* [What is being asked] All of the data, word for word and free of pictures, is the expected result.

* [Information supplied]
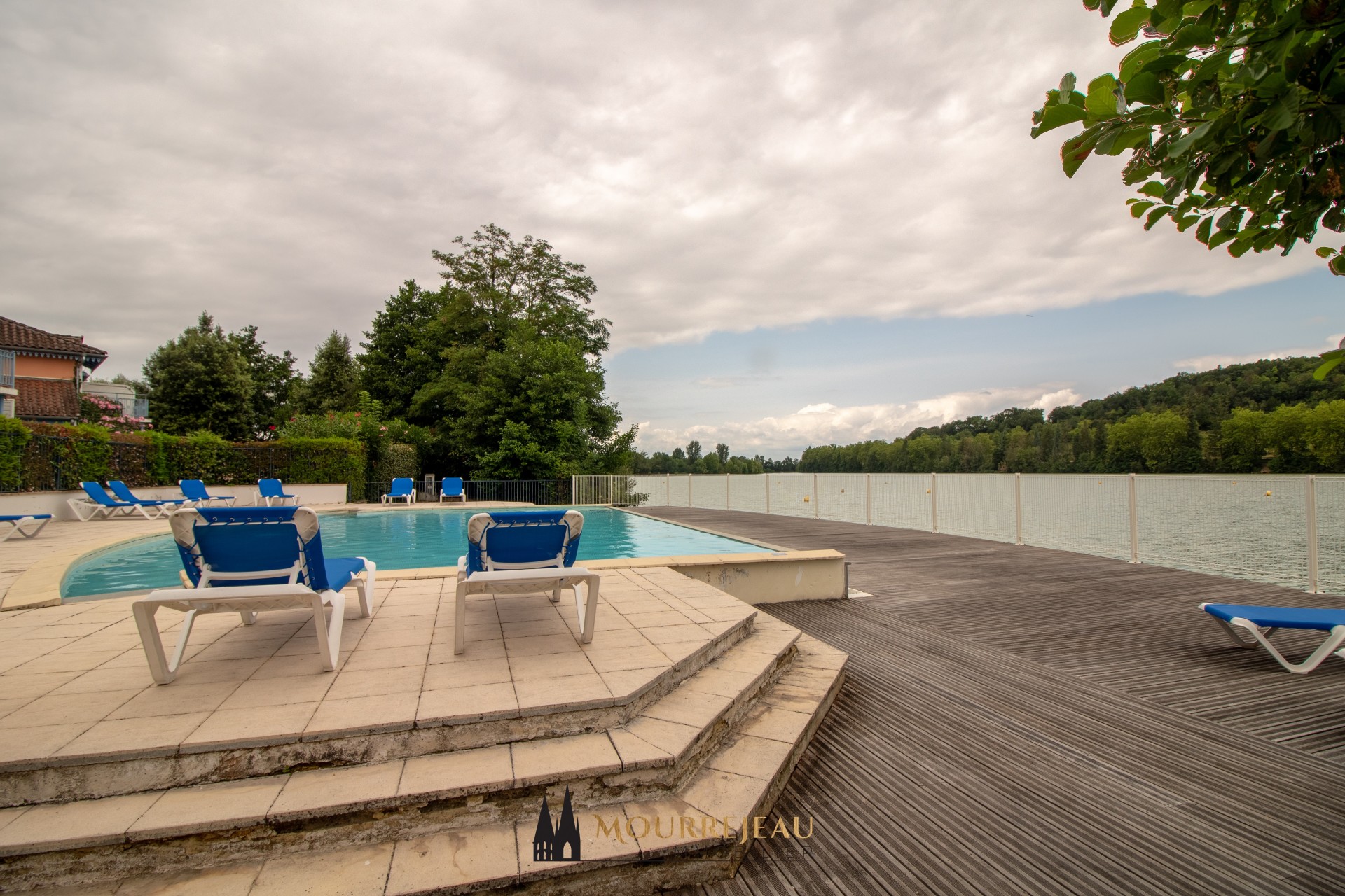 Le tout ouvert sur une terrasse vue sur la piscine et le lac. Appartement entièrement aux normes PMR, fonctionnel, confortable, propre et très bien entretenu.
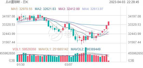 4月3日周一,美股开盘涨跌不一,道琼斯指数开盘上涨110.80点,涨幅0.33%,报33384.95点;标普500指数开盘下跌5.11点,跌幅0.12%,报4104.20点;纳斯达克综合指数开盘下跌78.08点,跌幅0.64%,报12143.82点。
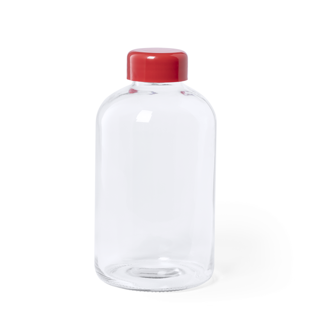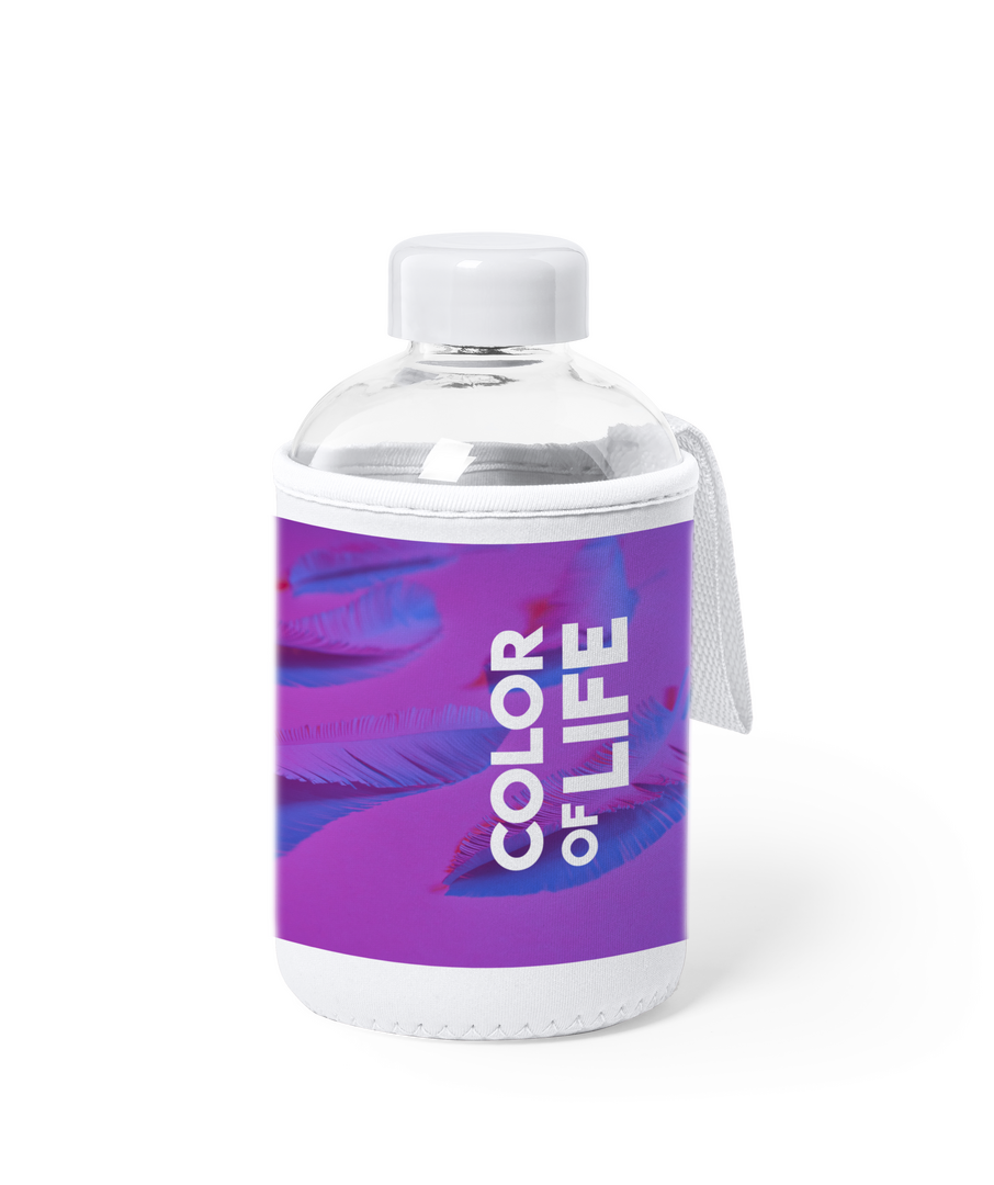 Bidón de 600ml de capacidad. Fabricado con cuerpo de cristal y tapón a rosca. Incluye funda de soft shell a juego, con asa de transporte. Disponible en variada gama de colores, y viene presentado en caja individual de atractivo diseño. 600 ml. Presentación Individual. Funda Soft Shell Incluida

* [Solution to the problem]
 Le tout ouvert sur une terrasse vue sur la piscine et le lac. Appartement entièrement aux normes PMR, fonctionnel, confortable, propre et très bien entretenu.
 4月3日周一,美股开盘涨跌不一,道琼斯指数开盘上涨110.80点,涨幅0.33%,报33384.95点;标普500指数开盘下跌5.11点,跌幅0.12%,报4104.20点;纳斯达克综合指数开盘下跌78.08点,跌幅0.64%,报12143.82点。
 Bidón de 600ml de capacidad. Fabricado con cuerpo de cristal y tapón a rosca. Incluye funda de soft shell a juego, con asa de transporte. Disponible en variada gama de colores, y viene presentado en caja individual de atractivo diseño. 600 ml. Presentación Individual. Funda Soft Shell Incluida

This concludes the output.